In the training process of the Embedding model, we adopt a three-stage training architecture: the first stage is to conduct comparative learning pre-training through ultra-large-scale weakly supervised data; the second stage is to conduct supervised training based on high-quality labeled data; and finally, multiple candidate models are fused through the model fusion strategy to improve the overall performance. This staged training mechanism effectively balances the generalization ability and task adaptability of the model.

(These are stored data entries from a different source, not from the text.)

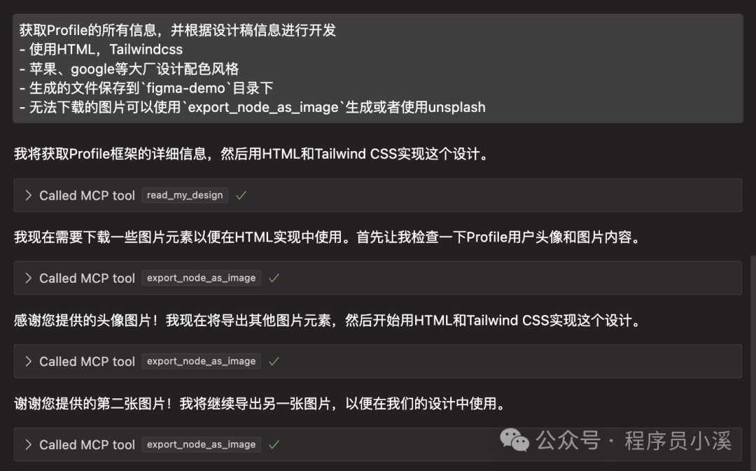 可以看到成功读取了设计稿基本信息,如果像获取更多设计稿信息也可以根据提示要求Cursor输出。下面我们尝试让Cursor读取设计稿详细信息并根据设计稿信息生成对应HTML页面
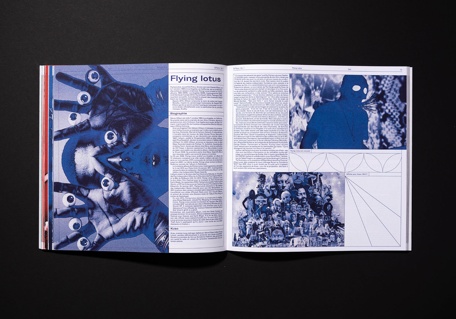 33 Tours, magazine au format carré, a pour thématique la musique. Il se divise en 5 chapitres qui abordent différents genres musicaux: la musique électronique, le métal, le jazz, le rock et le rap. Les chapitres se composent d’une description détaillée du genre musical suivie d’une sélection d’artistes populaires. Ils se distinguent par l’utilisation d’une seule couleur et d’une esthétique inspirée par des récurrences graphiques présentes sur les pochettes d’album. 33 Tours vous permet de découvrir ou redécouvrir de grands noms de la musique ainsi que l'origine et l’histoire de genres musicaux.
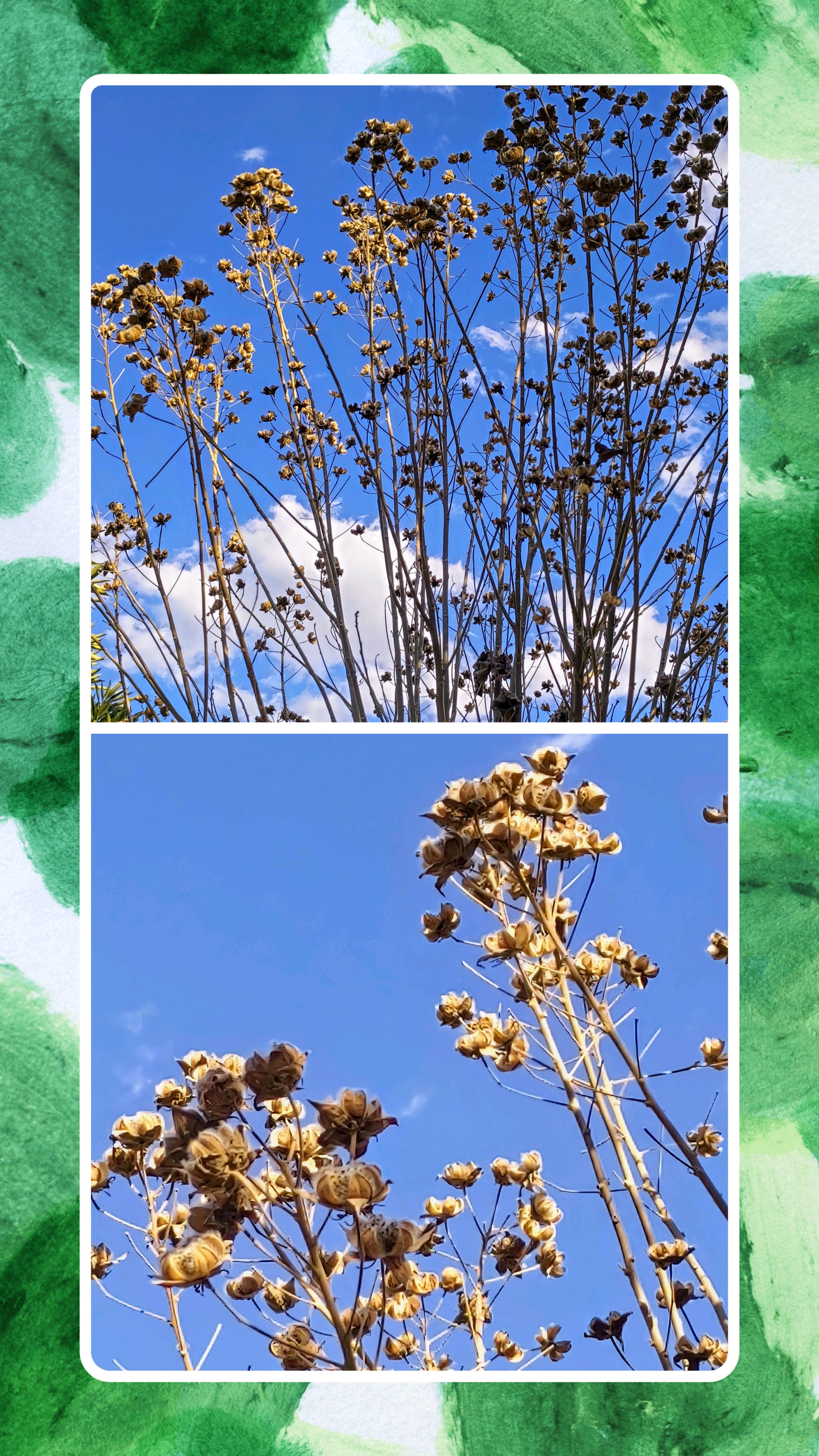 見上げれは、たくさんの花殻
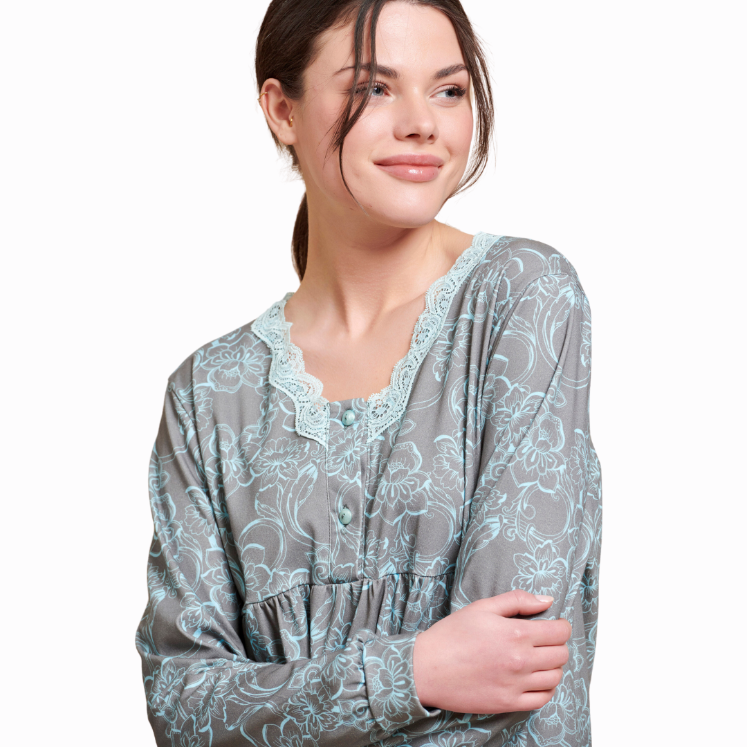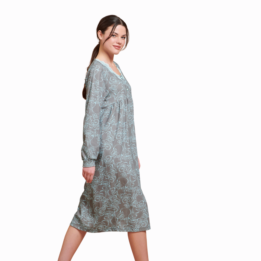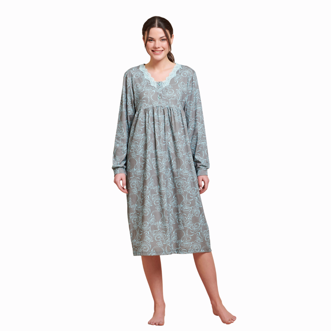 Μακρύ κλασικό νυχτικό, με μικρό V άνοιγμα στο λαιμό, στολισμένο με λεπτή φίνα δαντέλα. Έχει δυο κουμπιά μπροστά στο στήθος και μικρές πιέτες κάτω από αυτά, που δίνουν άνεση στην περιοχή της κοιλιάς και κίνηση στο ρούχο. Στις μανσέτες υπάρχει κουμπί.
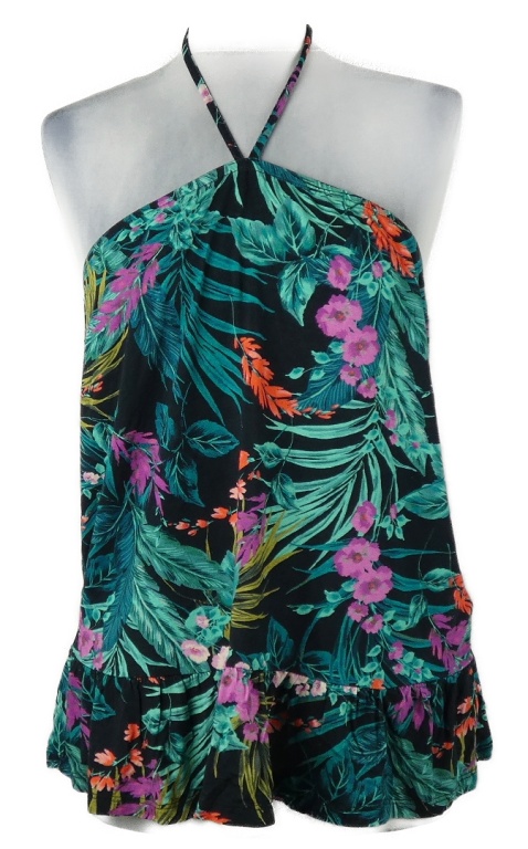 Dámský černý top s květy a zavazováním za krk Tu
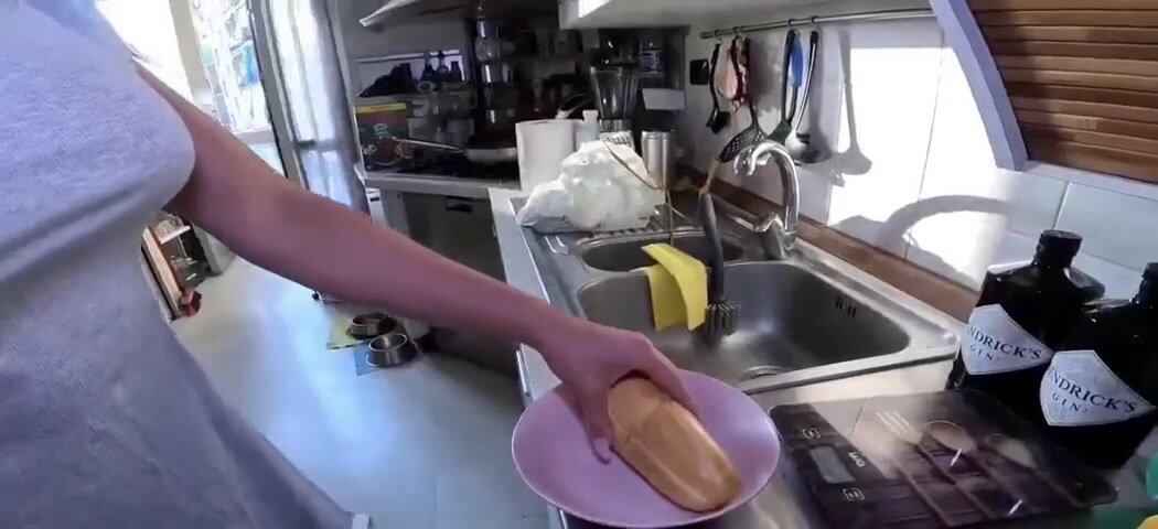 Zoccola scopata ed inculata in cucina lui poi le fa ingoiare sborra
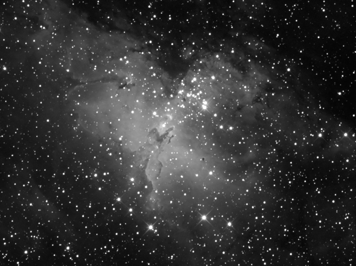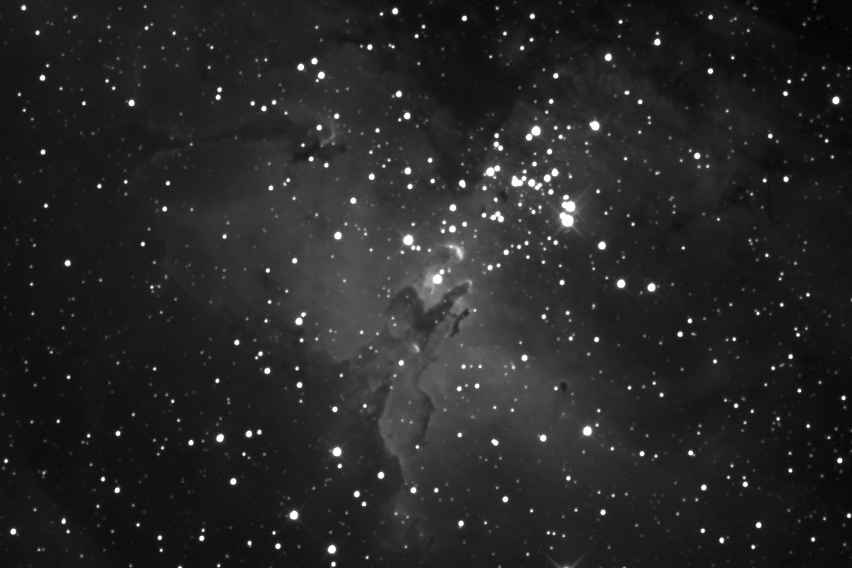 The top image has been processed to display the faint regions that surround the Eagle Nebula. The bottom image has been processed to bring out the detail in the "Pillars of Creation" at the centre of the image. The bottom photo is at 100% scale.
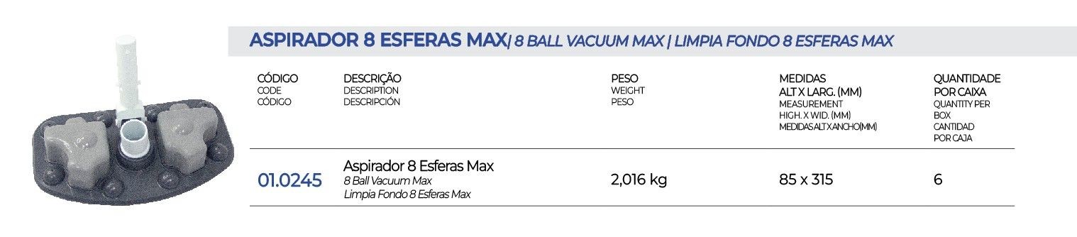 O Aspirador 8 Esferas MAX Brustec combina sucção potente com oito esferas de movimento, garantindo limpeza rápida, prática e profissional em piscinas de diferentes portes.
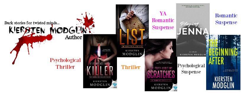 Hi! I’m Kiersten Modglin. I’m a suspense author and I write all subgenres of suspense (so far— psychological, YA, domestic, and romantic)
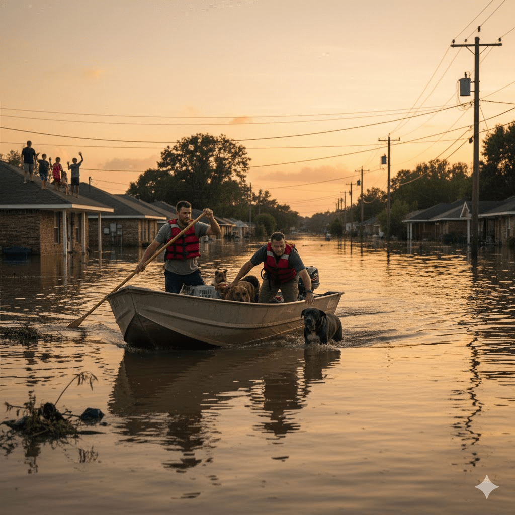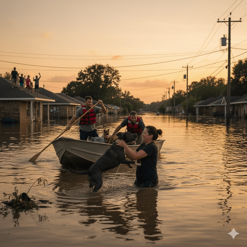The murky waters rose with an alarming swiftness, transforming familiar landscapes into a chaotic, watery expanse. Louisiana, a state no stranger to nature’s fury, found itself grappling with an unprecedented flood that left a trail of widespread destruction and claimed 13 precious lives. Homes were submerged, livelihoods shattered, and a sense of despair threatened to engulf communities. Yet, amidst this harrowing backdrop, stories of extraordinary courage and unexpected twists began to surface, painting a powerful narrative of resilience and the indomitable spirit of both humans and animals. It was in these dire moments that the true character of a community, and indeed, individual heroes, shone brightest, proving that even in the darkest of times, hope could emerge from the most unlikely places, guided by compassion and an unwavering will to help.
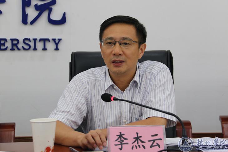 李杰云指出,近年来梧州学院的发展取得长足进步,教学和科研方面获得重大突破,值得肯定。他强调,要高标准、高水平谋划梧州学院的发展,积极引进高水平人才,立足培养高水平的学生,高水平谋划科研,多申请课题,围绕重点学科多做研究,努力取得在全区乃至全国有影响力的科研成果。要围绕服务梧州经济社会事业发展来培养人才,开展科研工作,一方面要基于我市现有的茶叶、电子信息、宝石、食品、医药等产业基础,有针对性地加强人才培养和提供科技支撑,另一方面要基于自身的学科优势,将大学的发展与地方经济发展更好地融合起来,推动产业的转移,带动和培育新兴产业。他表示,梧州市政府将全力支持梧州学院的发展,把更多的精力和财力投入到高校建设中,以改革创新的思维和理念,支持学院大胆探索教育体制改革,落实好科技创新、科研成果转化、人才培养等各项改革举措。对于学院提出的问题和事项,市直各部门要全力支持,协调推进解决,为学院的发展创造良好环境,让学院发展得更加稳健、有力。
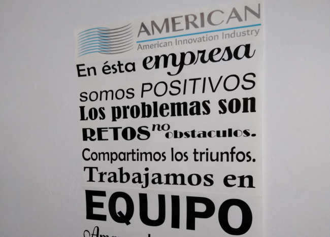 Propuesta decorativo frases motivadoras en pared, con la marca de su empresa.
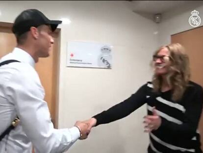 La actriz y su familia ocupan un palco del Bernabéu y bajan a los vestuarios a conocer a Cristiano Ronaldo y otros futbolistas del equipo
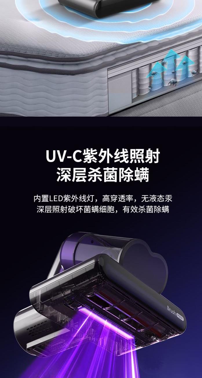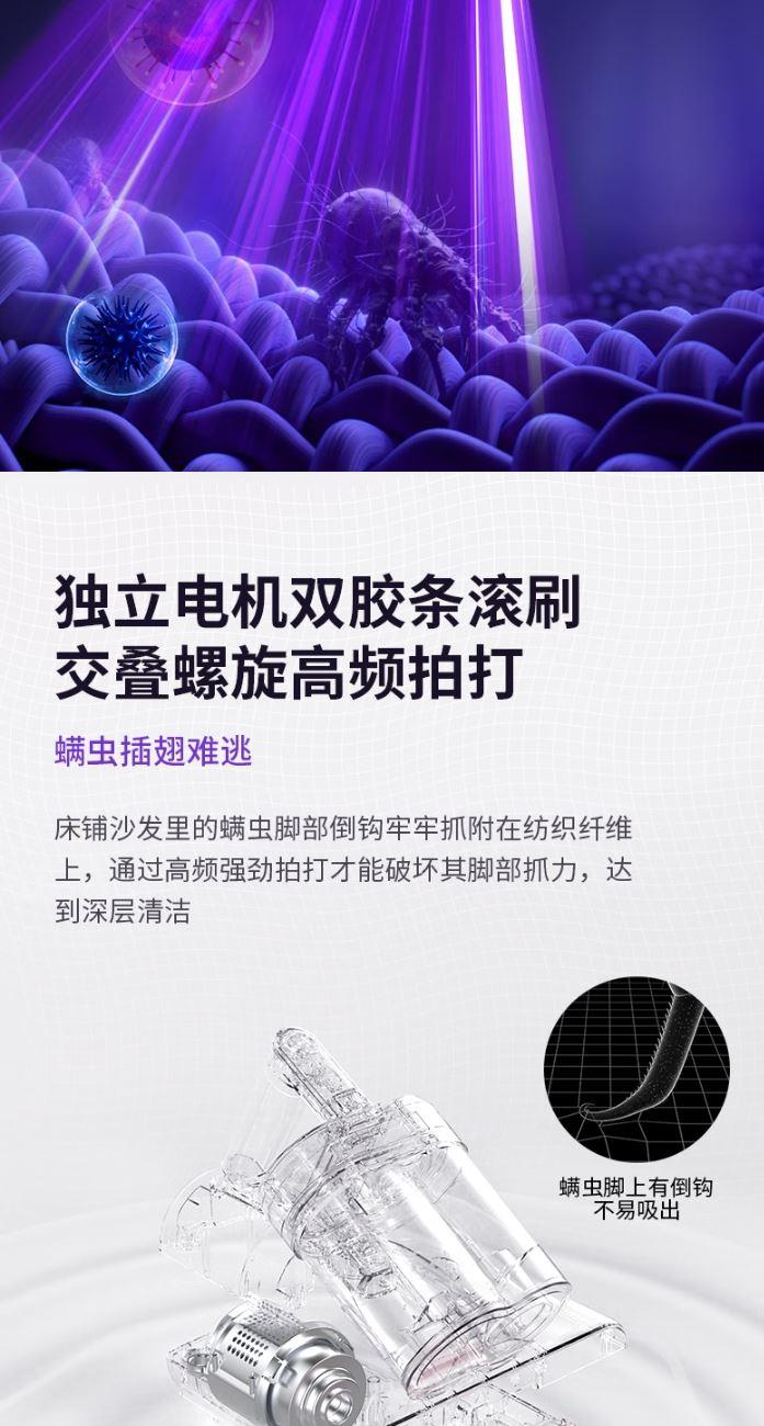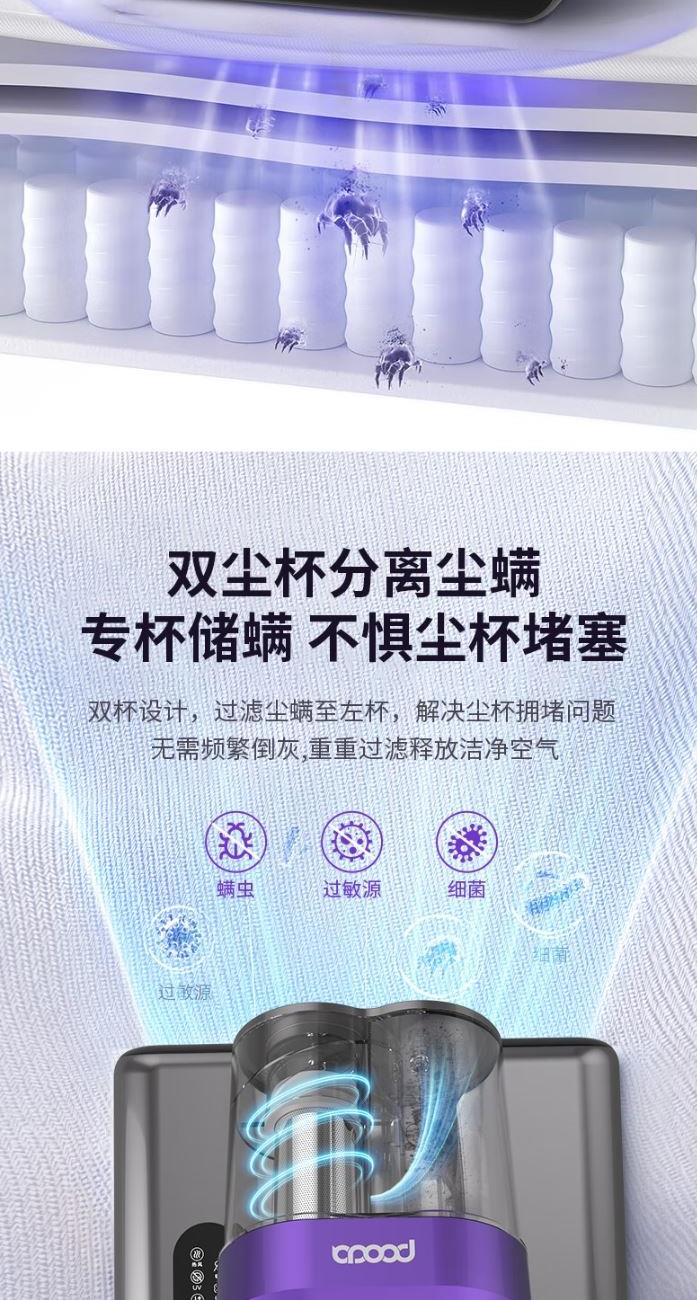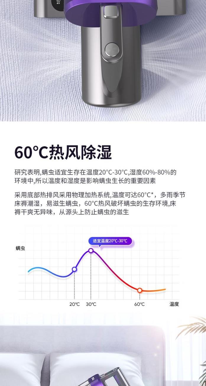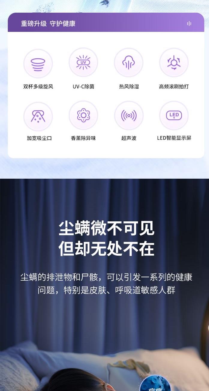 功 率:400W 噪 音:≤78dB 吸 力:≥15Kpa 集 尘 容 量:0.5L 电 源 线 长:约4m 超声波除螨 LED紫外线灯 双重深层穿透 抑制螨虫 可视化过滤储尘分离双尘杯 干净不堵塞 可增加香薰除异味 在清洁家居的过程中 享受浪漫的氛围和清新怡人的气味。 多刷条复合滚刷 高效拍打 无死角除螨 LED显示屏 工作状态一目了然 热风除湿更健康

In the training of the Reranker model, based on the experimental verification results, we directly use high-quality annotated data for supervised training to improve training efficiency. It is particularly important to note that in the first phase of weakly supervised training of the Embedding model, we built a multi-task adaptive Prompt system. Using the text generation capabilities of the Qwen3 basic model, we dynamically generated a series of weakly supervised text pairs for different task types and language characteristics, breaking through the limitations of traditional methods that rely on community forums or open source data screening to obtain weakly supervised text pairs, and achieving efficient generation of large-scale weakly supervised data.

Future Development

The Qwen3-Embedding series of models is a new starting point. Relying on the continuous optimization of the Qwen basic model, we will continue to improve the training efficiency of text representation and sorting models to enhance the deployment performance of the models in actual scenarios.

In addition, we also plan to expand the multimodal representation system and build cross-modal semantic understanding capabilities. We expect more developers to explore a wider range of application scenarios based on the Qwen3-Embedding series and promote the in-depth application of the model in different business scenarios.